In half-precision tests, the MI350X achieves 4.6 PetaFLOPS on its own and 36.8 PetaFLOPS in eight-GPU platform form, while the MI355X surpasses those numbers, reaching 5.03 PetaFLOPS and just over 40 PetaFLOPS. AMD is also aiming to improve energy efficiency by a factor of thirty compared with its previous generation. The MI350X card runs within a 1,000 Watt power envelope and relies on air cooling, whereas the MI355X steps up to 1,400 Watts and is intended for direct-liquid cooling setups. That 400 Watt increase puts it right at NVIDIA's upcoming GB300 "Grace Blackwell Ultra" superchip, which is also a 1,400 W design. With memory capacity, raw computing, and power efficiency all pushed to new heights, the question remains whether real-world benchmarks will match these ambitious specifications. AMD now only lacks platform scaling beyond eight GPUs, which the Instinct MI400 series will address.
Sources: ComputerBase, via VideoCardz
Add your own comment

10 Comments on AMD Instinct MI355X Draws up to 1,400 Watts in OAM Form Factor

#1
Daven
I believe this is AMD's second product line to use 3 nm. Turin dense Epyc chips are the first.
Posted on Reply
#2
Pizderko
Now imagine this same card, but instead made on GAA-FET lithography?
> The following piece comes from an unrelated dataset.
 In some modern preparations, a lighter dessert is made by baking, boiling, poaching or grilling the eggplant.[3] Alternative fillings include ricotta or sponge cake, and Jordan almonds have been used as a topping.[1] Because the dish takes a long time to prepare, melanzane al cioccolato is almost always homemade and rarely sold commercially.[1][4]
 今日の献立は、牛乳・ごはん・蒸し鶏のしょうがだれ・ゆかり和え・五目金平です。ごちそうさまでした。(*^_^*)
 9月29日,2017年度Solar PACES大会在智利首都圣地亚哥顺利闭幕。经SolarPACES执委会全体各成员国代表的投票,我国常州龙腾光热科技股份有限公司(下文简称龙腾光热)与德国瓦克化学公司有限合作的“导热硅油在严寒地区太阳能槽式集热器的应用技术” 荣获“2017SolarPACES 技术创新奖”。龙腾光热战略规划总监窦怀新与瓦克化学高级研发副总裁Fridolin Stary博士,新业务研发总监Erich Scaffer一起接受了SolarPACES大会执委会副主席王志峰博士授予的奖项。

GAA-fet promise to bring down the power consumption at least by 32%, so this means that 1400 watts - 32% = 952watts, thus 448watt difference.

Yeh... I'm such mad that's gaa-fet is not yet here.
Posted on Reply
#3
tsunami2311
PizderkoNow imagine this same card, but instead made on GAA-FET lithography?
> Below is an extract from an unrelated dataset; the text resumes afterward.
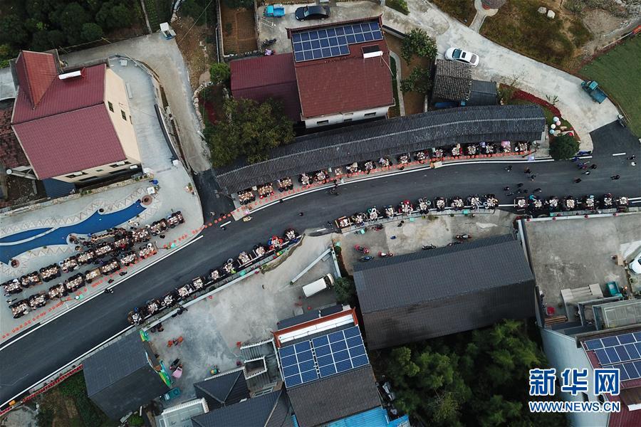10月17日,村民與賓客在龍峰民族村參加“長桌宴”(無人機拍攝)。 當日,在浙江省桐廬縣莪山畬族鄉(xiāng)龍峰民族村,一百桌宴席沿道路擺成一字長蛇陣,四方賓客和當?shù)卮迕褚黄鹌穱L著具有畬族特色的菜肴,場面頗為壯觀。 新華社記者 黃宗治 攝

GAA-fet promise to bring down the power consumption at least by 32%, so this means that 1400 watts - 32% = 952watts, thus 448watt difference.

Yeh... I'm such mad that's gaa-fet is not yet here.
it wont mater in the end they just use saving as excused to put back up gain squeeze more performance out of it.
Posted on Reply
#4
Pizderko
I want to see if Intel will beat Apple silicon like m5 or m6 with Panther Lake on gaa-fet.
If not, then I'm going to buy for my self a mac book pro & Hasta la vista PC & everything related with x86-64.
Posted on Reply
#5
zo0lykas
PizderkoNow imagine this same card, but instead made on GAA-FET lithography?

GAA-fet promise to bring down the power consumption at least by 32%, so this means that 1400 watts - 32% = 952watts, thus 448watt difference.

Yeh... I'm such mad that's gaa-fet is not yet here.
Not really, cuz most power going to rams, not to gpu-die
Posted on Reply
#6
Dr. Dro
zo0lykasNot really, cuz most power going to rams, not to gpu-die
This isn't really the case, though. HBM really does not consume that much power, even at large scale deployment, and HBM3E scales to 48 GB per stack. These MI355Xs have 288 GB capacity, which means 6 stacks attached per GPU. If I had to guess, about 1.2 to 1.3 kW per GPU core, though with an insanely high flops/W rating.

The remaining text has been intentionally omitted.